What is expected:
From the entries below, retype only the lines from the one with "سمو رئيس الوزراء" through the one with "Holbra Malon 16 (VG 87) (mère de Sané)", exactly as written.

Supplied information:
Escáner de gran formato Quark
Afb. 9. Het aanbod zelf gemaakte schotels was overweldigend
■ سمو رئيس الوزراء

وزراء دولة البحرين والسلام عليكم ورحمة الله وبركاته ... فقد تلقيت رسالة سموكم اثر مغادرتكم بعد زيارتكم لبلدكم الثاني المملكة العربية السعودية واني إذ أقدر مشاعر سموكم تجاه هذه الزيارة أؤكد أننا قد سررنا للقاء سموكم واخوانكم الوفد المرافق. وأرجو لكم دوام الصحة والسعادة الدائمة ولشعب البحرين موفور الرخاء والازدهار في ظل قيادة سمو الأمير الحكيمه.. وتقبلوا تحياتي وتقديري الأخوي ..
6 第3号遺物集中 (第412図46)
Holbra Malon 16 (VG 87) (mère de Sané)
...
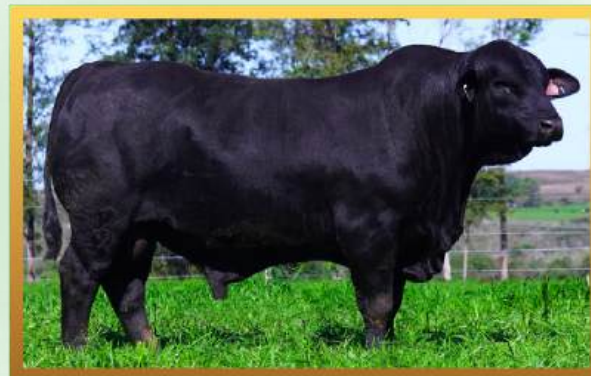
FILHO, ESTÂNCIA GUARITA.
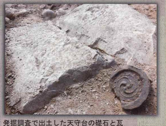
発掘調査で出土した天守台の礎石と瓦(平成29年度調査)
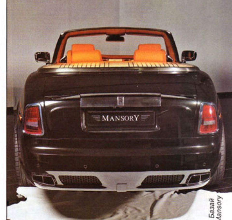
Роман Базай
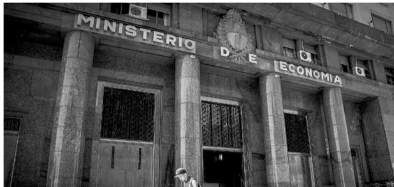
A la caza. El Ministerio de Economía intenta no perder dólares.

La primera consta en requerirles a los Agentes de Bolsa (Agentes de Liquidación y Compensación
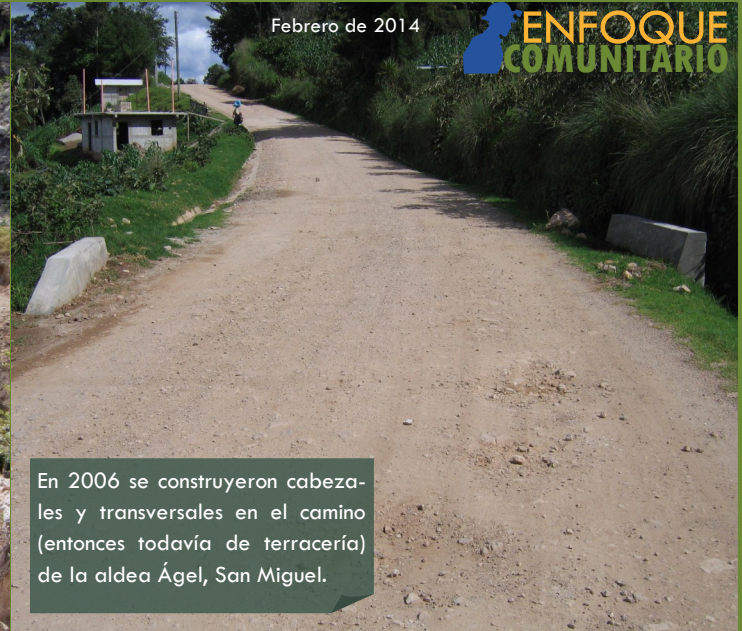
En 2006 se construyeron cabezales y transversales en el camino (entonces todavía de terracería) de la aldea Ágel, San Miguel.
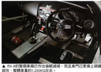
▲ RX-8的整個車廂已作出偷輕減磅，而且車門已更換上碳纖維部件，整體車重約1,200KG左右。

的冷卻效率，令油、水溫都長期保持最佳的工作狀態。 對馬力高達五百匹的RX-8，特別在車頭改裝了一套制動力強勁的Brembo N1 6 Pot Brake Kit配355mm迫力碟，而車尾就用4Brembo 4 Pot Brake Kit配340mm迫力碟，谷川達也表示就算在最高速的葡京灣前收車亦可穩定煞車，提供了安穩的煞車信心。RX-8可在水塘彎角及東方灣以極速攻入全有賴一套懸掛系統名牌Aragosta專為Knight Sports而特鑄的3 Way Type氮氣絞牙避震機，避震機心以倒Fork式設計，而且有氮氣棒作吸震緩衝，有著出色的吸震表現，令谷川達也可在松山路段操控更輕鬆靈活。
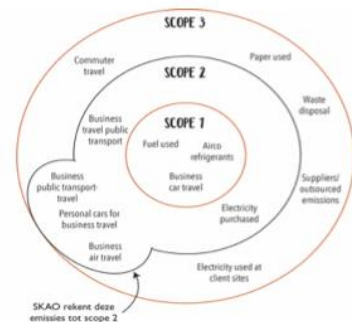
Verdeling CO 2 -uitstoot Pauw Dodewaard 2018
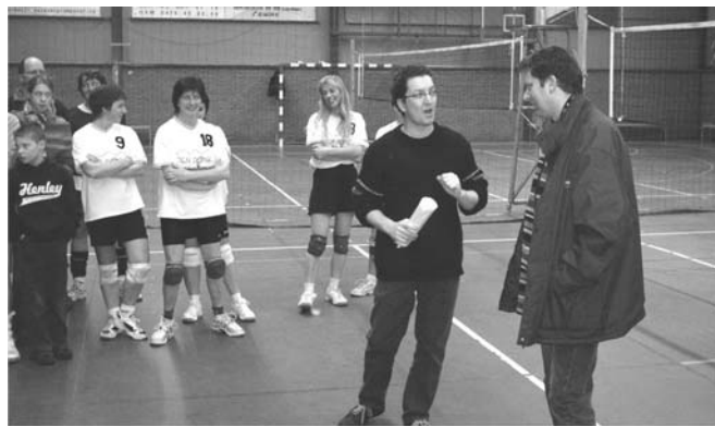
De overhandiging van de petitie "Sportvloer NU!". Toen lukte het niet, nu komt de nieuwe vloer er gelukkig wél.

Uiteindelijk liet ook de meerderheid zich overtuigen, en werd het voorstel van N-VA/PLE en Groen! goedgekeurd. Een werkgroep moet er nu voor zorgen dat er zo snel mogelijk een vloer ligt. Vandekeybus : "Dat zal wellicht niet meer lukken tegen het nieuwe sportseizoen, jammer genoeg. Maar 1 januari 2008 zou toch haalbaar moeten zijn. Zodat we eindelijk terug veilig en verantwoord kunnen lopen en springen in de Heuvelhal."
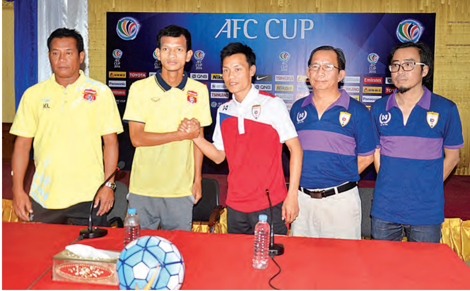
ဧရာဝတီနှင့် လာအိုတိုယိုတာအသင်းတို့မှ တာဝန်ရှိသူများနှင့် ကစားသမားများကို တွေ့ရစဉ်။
---
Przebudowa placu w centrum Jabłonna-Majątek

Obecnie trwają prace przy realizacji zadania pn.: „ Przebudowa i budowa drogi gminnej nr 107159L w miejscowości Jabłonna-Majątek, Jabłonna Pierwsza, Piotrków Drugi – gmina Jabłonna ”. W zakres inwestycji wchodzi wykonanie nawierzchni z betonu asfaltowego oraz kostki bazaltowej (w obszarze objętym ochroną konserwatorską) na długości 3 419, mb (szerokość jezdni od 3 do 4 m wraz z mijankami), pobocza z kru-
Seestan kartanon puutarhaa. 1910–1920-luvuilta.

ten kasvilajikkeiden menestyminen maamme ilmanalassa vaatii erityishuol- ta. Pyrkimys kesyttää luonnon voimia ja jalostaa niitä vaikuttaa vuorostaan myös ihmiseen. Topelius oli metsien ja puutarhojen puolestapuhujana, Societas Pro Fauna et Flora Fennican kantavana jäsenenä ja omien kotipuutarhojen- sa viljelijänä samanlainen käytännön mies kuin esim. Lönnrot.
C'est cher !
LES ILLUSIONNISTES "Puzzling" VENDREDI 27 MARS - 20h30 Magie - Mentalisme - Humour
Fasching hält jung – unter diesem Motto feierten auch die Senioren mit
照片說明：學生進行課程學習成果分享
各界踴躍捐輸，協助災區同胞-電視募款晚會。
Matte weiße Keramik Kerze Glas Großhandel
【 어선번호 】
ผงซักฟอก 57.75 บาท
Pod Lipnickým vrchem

Reply:
■ سمو رئيس الوزراء

وزراء دولة البحرين والسلام عليكم ورحمة الله وبركاته ... فقد تلقيت رسالة سموكم اثر مغادرتكم بعد زيارتكم لبلدكم الثاني المملكة العربية السعودية واني إذ أقدر مشاعر سموكم تجاه هذه الزيارة أؤكد أننا قد سررنا للقاء سموكم واخوانكم الوفد المرافق. وأرجو لكم دوام الصحة والسعادة الدائمة ولشعب البحرين موفور الرخاء والازدهار في ظل قيادة سمو الأمير الحكيمه.. وتقبلوا تحياتي وتقديري الأخوي ..
6 第3号遺物集中 (第412図46)
Holbra Malon 16 (VG 87) (mère de Sané)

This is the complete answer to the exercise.